Search based on odor ruled out

CRIME SCENES

Drug conviction overturned because officer searched man after smelling ether

January 31, 2010|By Peter Hermann | peter.hermann@baltsun.com

In Prince George's County, the cops failed the smell test.

Maryland's highest court this month threw out the conviction of a man on drug charges because the arresting officer based his search and subsequent arrest on the odor of ether, an ingredient in PCP. The officer found a small, half-full glass vial of the drug in the man's pants pocket, but the court ruled that merely smelling it didn't give the officer the legal grounds to conduct the search.

The ruling further limits police in how they conduct the most routine and common of citizen stops, a practice carried out thousands upon thousands of times on the streets of Baltimore and in cities and towns across Maryland and beyond.

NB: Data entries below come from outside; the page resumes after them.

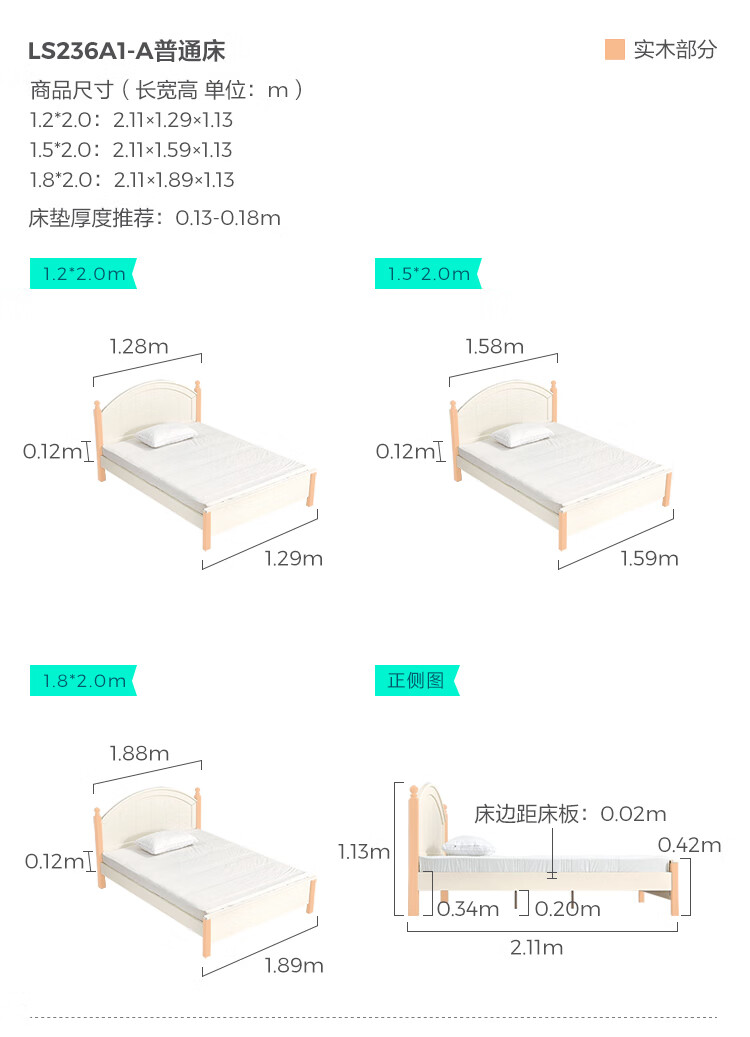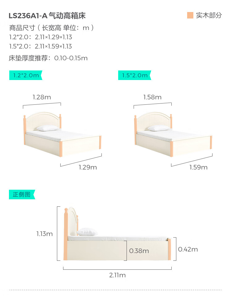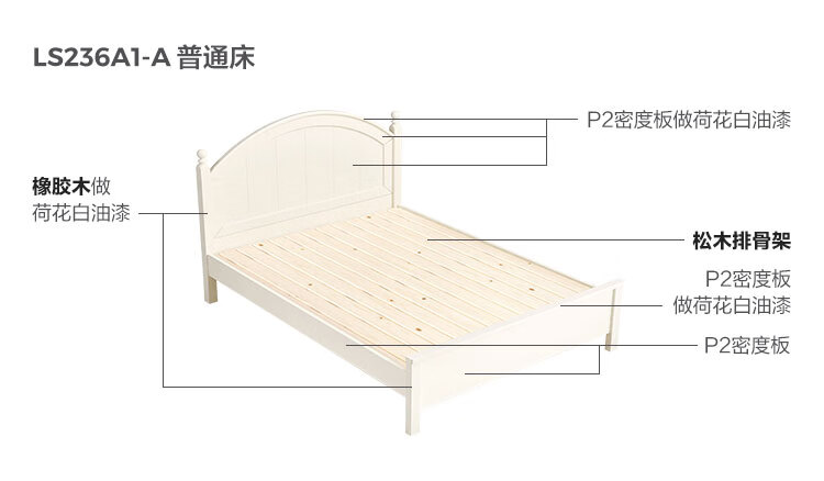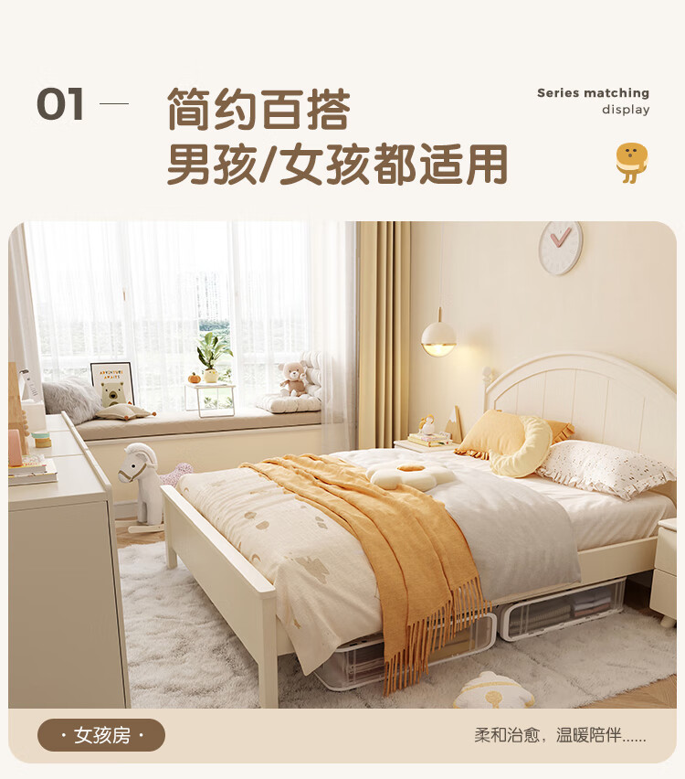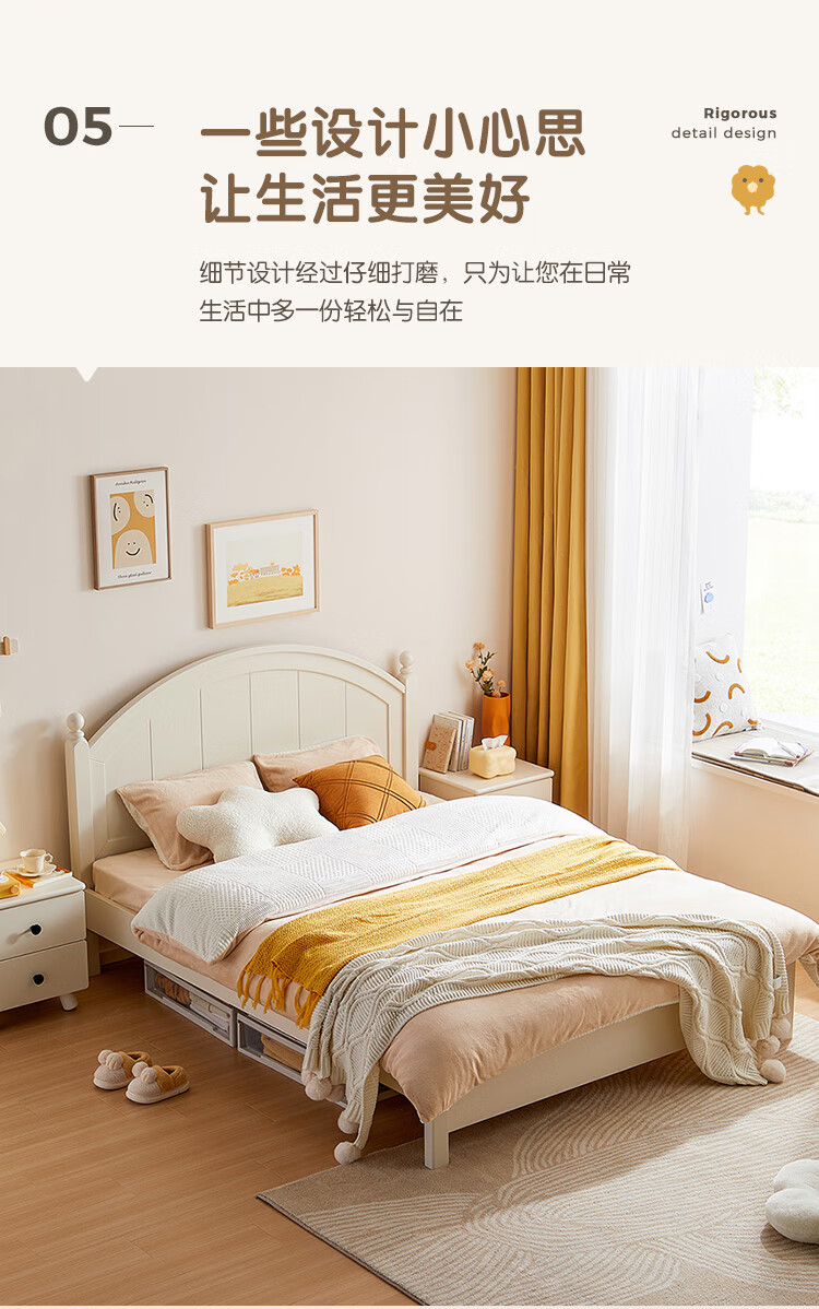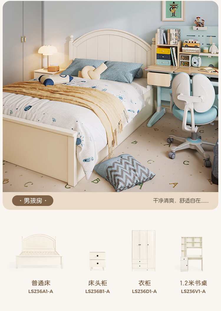 LINSY KIDS Lin's children's bed boys and girls single bed cream style double bed boys and girls 1.5*2 meters LS236A1-A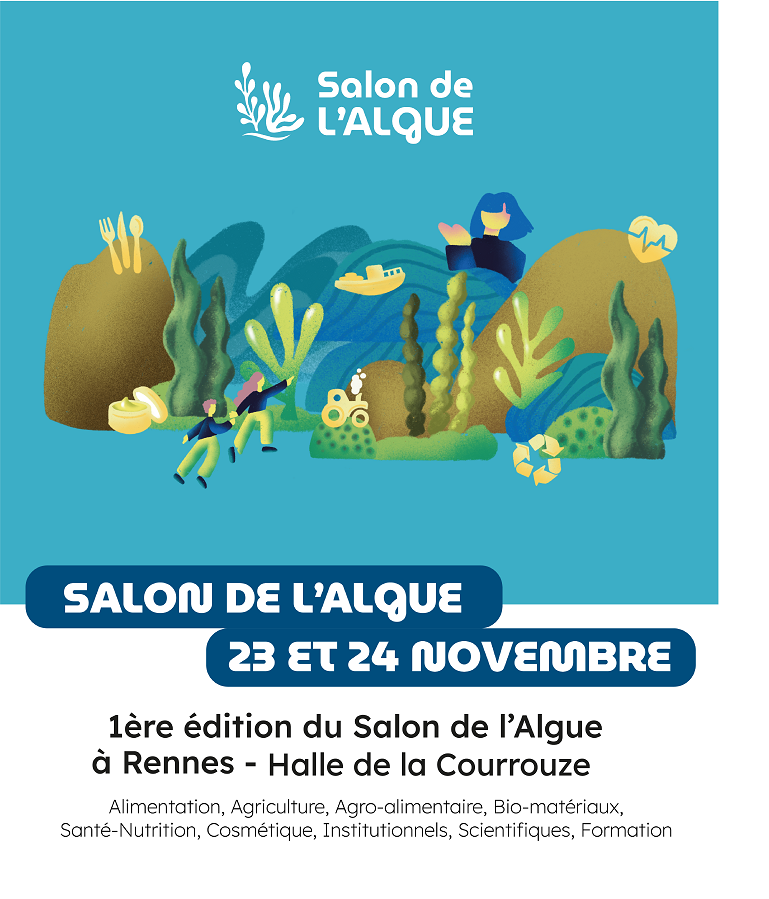 Nous aurons le plaisir de participer au premier salon de l’algue à Rennes, les 23 et 24 novembre. Porté par un collectif d’acteurs engagés, cet événement a pour ambition de mettre en lumière toute la richesse des algues et la diversité de leurs usages (alimentation, nutrition santé, cosmétique, matériaux…), en réunissant les acteurs des filières : chercheurs, producteurs, artisans, industriels…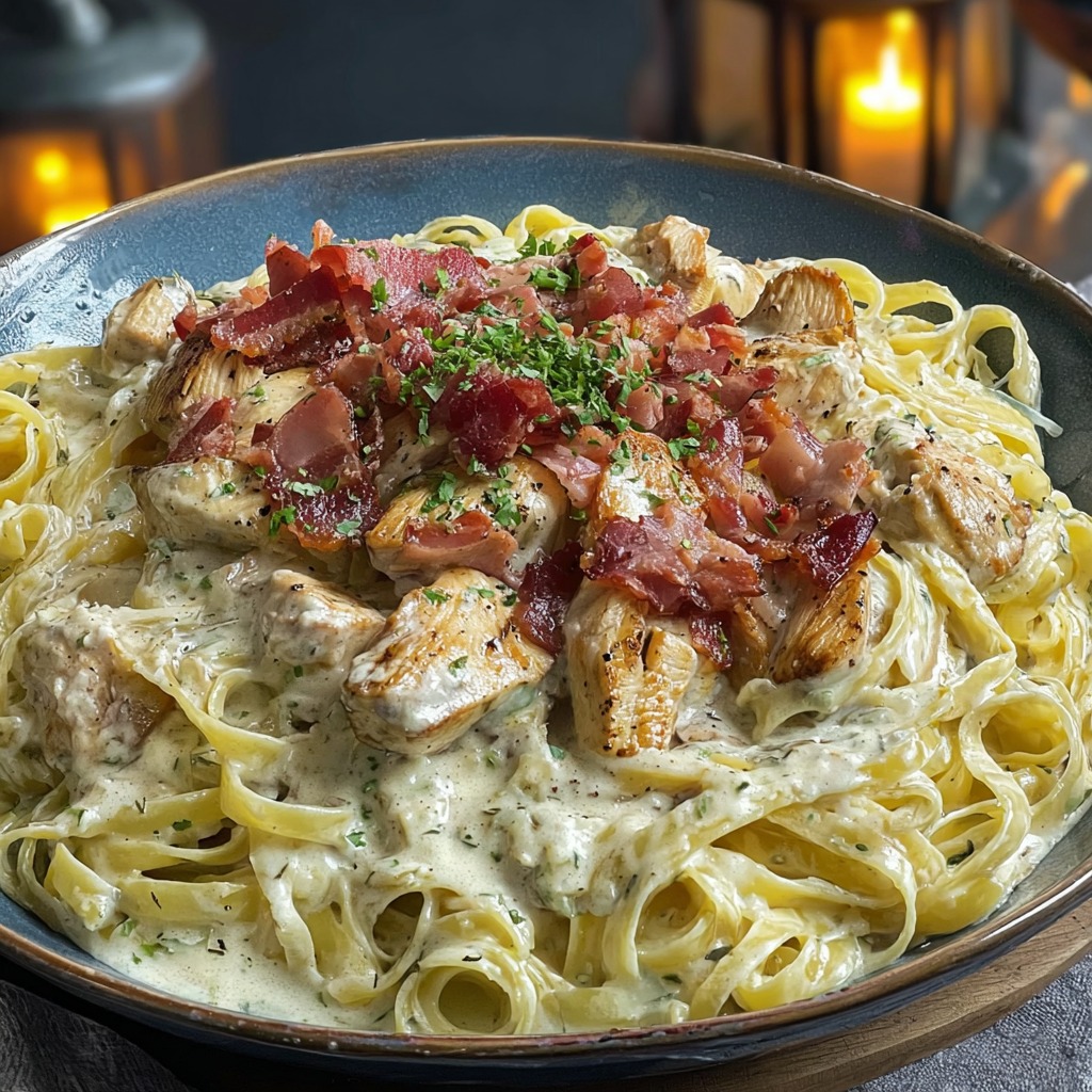 Pâtes à la crème avec poulet et bacon

Called Stop and Frisk, the tactic invoked cries of zero-tolerance policing when a past Baltimore police administration made it the centerpiece of its crime-fighting strategy in 2001. By 2005, police were conducting more than 130,000 such stops a year, a practice criticized by prosecutors and even by the police union, whose president at the time dubbed them "VCR Stops," short for "Violation of Civil Rights."

Those numbers have dropped sharply under more recent police commissioners and shifting strategies, but the stops continue to irk civil rights activists and residents who complain police too often frisk young black men at random and without sufficient reason.

Police throughout the country are governed by a 1968 U.S. Supreme Court decision called Terry v. Ohio, which set the standard by which law enforcement officers can detain and search a person without a warrant. The case expanded police powers, which had required that officers demonstrate evidence of a crime before making a detention.

The court ruled under Terry that police could stop and frisk a person, "not to discover evidence of a crime, but rather to protect the police officer and bystanders from harm." That limited the stop to a search for weapons, and the court made it clear that the search was "limited to a pat-down of the outer clothing."

In police parlance, the tactic is known as a "Terry Stop" and any cop who walks or rides a beat is familiar with the term.

"It's drilled into you in the academy," said Gary McLhinney, former chief of the Maryland Transportation Authority Police Department and a longtime union chief for city cops. "It's the essence of what we do. Without a complete knowledge and understanding of Terry, not a lot of police work can go on."

Courts across the country constantly refine the do's and don'ts allowed under Terry, forcing cops to constantly adjust to subtle changes in the rules that they argue are hard to follow and are meaningless in real-life, dangerous situations on the street.

Cops look at cases such as the Prince George's smell test and say unequivocally that the cop made a righteous bust. He smelled the prime ingredient in an illegal drug, noted the man's glassy eyes, noticed that he suspiciously avoided answering a routine question and was standing an open-air drug market. Not to mention the obvious - he had drugs in his pocket.

But others say that for every one of these stops that turns up drugs, there are scores of people jacked up who are in fact innocent, who shouldn't have to suffer the injustice and humiliation of being searched on a public street.

Andrew C. White, a former federal prosecutor in Baltimore who now works as a defense lawyer, said the intricacies of a Terry stop are under constant review "because they encompass so many different factors" and deal with "what's a reasonable suspicion for a police officer to intrude into someone's life."

He said "police are faced with a myriad of different situations that in totality may or may not add up, and they've got to make the call." The court ruling, White said, "is a reflection of the sentiment that individuals do have rights, and the right not to be intruded upon by police is a fairly significant right."

Defense lawyers have long complained that instead of setting legal boundaries for cops, Terry gives police a broad license to stop and frisk anyone under the pretense the person is armed. Baltimore police have a gun squad and the detectives are trained in how to recognize whether a person might have a gun. The weight of the weapon can make people lean to one side to compensate. Cops look for bulges in shirts or pants, or a person who is wearing a winter coat on a summer day. Hand movements are studied closely. It's never one thing, but a totality of circumstances that can lead to proper probable cause for a stop.

The case in Prince George's County begins with a routine encounter. In August 2006, Officer Rodney Lewis, patrolling a street in Landover known for brisk drug sales, spotted Robert Bailey standing next to a house. The officer twice yelled to him, "Excuse me, sir, do you live there?"